You need to be four things to fully appreciate this deal — ideally Korean, a history buff, a devotee of the cold, and a Hyun Bin fan.

Harbin is freezingly absorbing. But it’s straightforward. Too straightforward, in fact, like a railway track itself with few twists and turns. The focus here is more on the dynamics among the plotters rather than a good old spy yarn.

It’s aided by the precise K-cast here who, despite looking warily stoic, still emotes convincingly right through the frozen numbness. Reminding you of Zhang Yimou’s Cliff Walkers, but less exciting. That was a frostbitten Japanese-occupation thriller too with more fictional kicks and less factual baggage.

Director and co-writer Woo Min-ho (The Man Standing Next, Inside Men) handles his story carefully as though it’s a live grenade. Since no less than the depiction of fabled national martyr, Ahn Jung-geun (Confidential Assignment's Hyun Bin), lieutenant-general of the Korean Independence Army, is at stake.
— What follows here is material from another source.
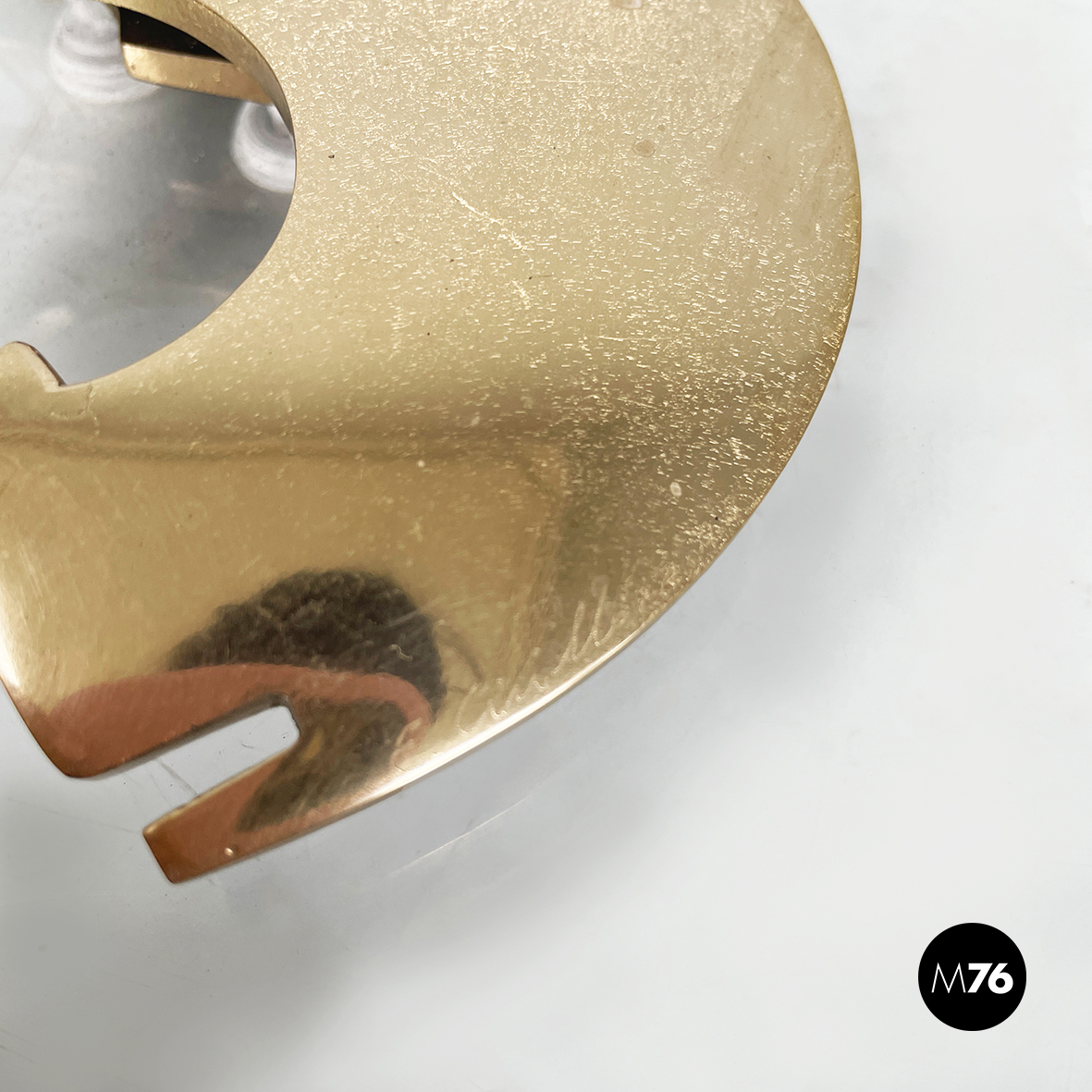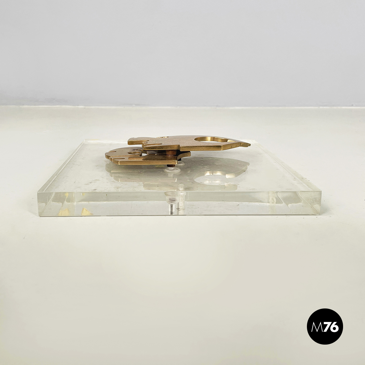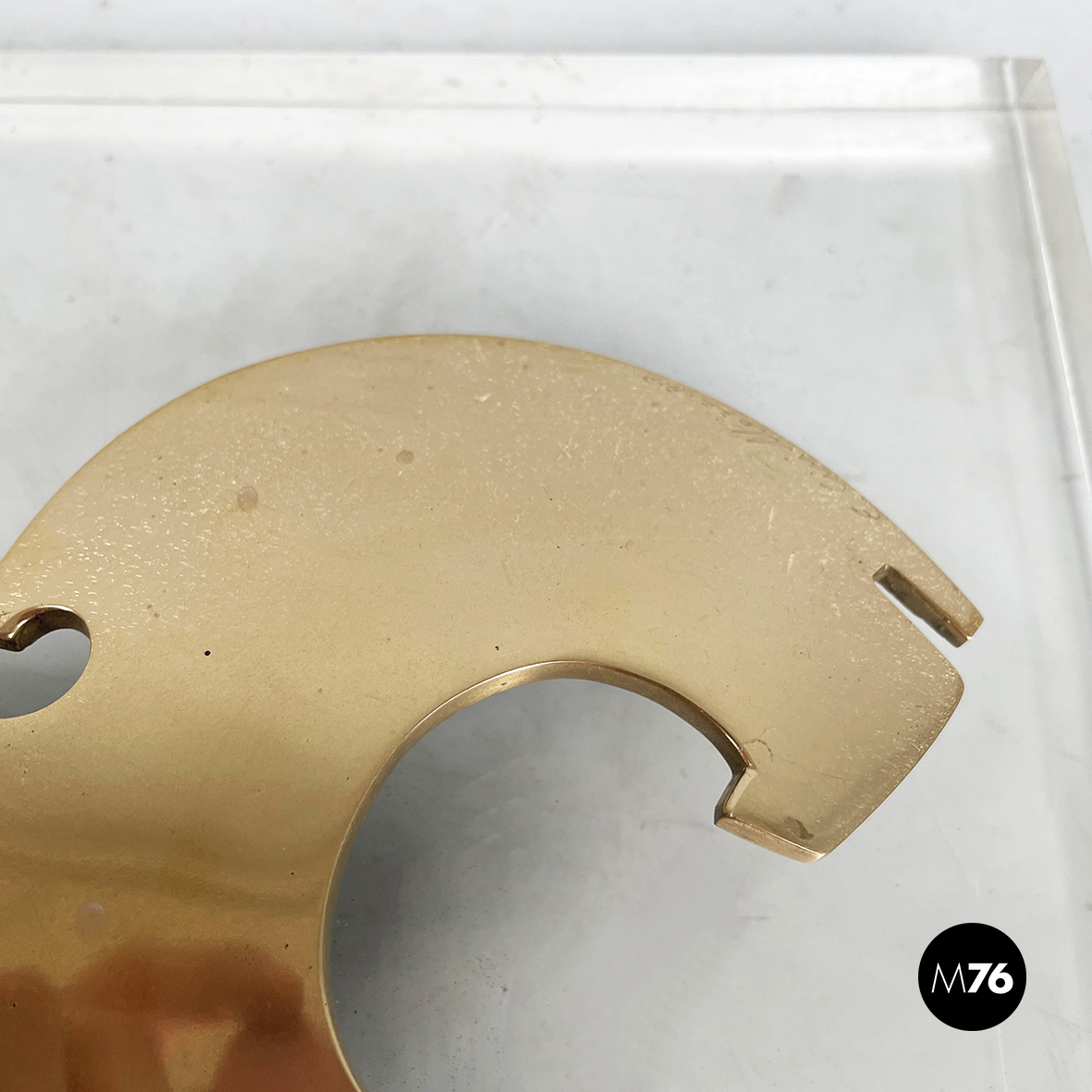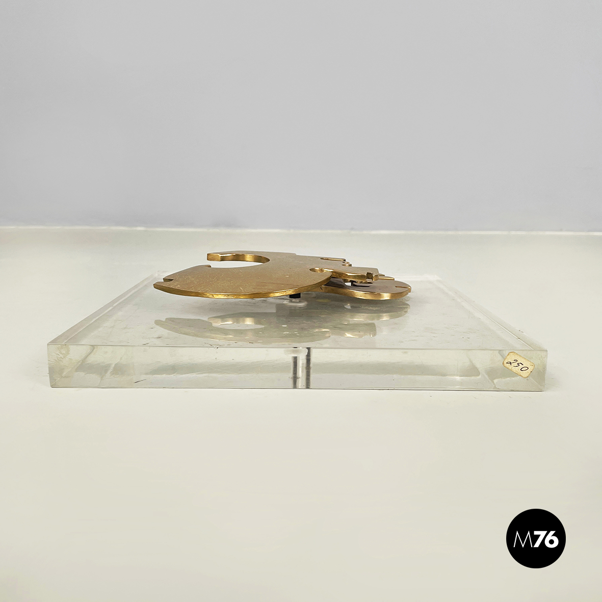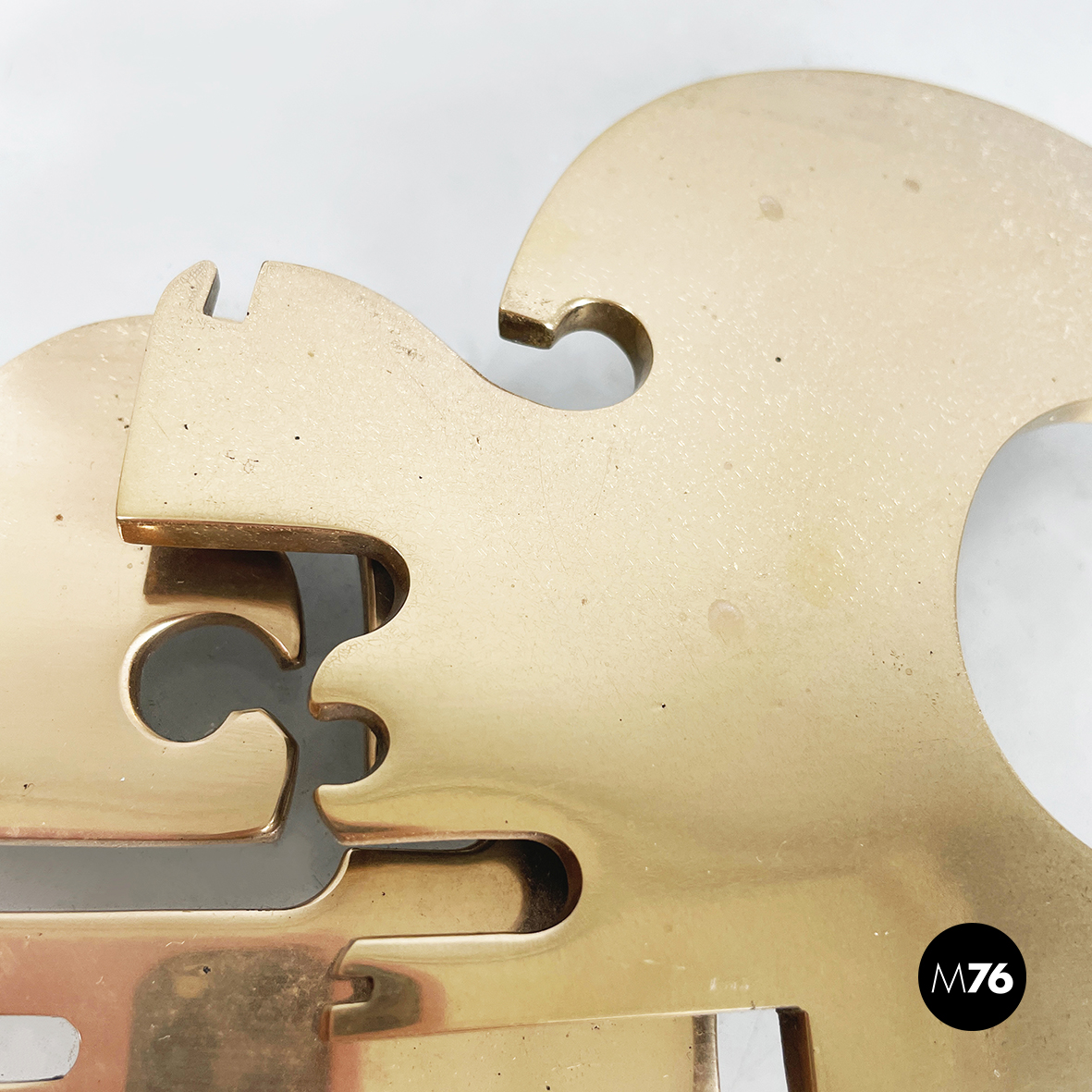 Scultura in bronzo con richiamo allo stile brutalista. La struttura è composta da diverse parti sottili dalle forme irregolari e unite tra loro, alternando così pieni e vuoti. Il piedistallo a cui è ancorata la scultura è a forma di parallelepipedo di plexiglass trasparente.

After a hellish The Battle Of Lake Changjin-style scene that’s medieval in its stabbing and strangling carnage, Ahn, a redemptive soul, releases the cruel, vengeful Japanese major, Mori (played with venom by Park Hoon). A mistake that plagues him when his men die due to his decision. It results in a cloud of suspicion — personally and from his comrades — hovering over the man which he must put right. “If we don’t bleed, no one will remember them,” Ahn tries to make amends to his dead brothers-in-arms.

Making this pic about the avowed determination of the damaged patriot to eliminate the head of the enemy so reverential, it basically throws in only a predictable traitor-in-their-midst mystery to jazz up the proceedings.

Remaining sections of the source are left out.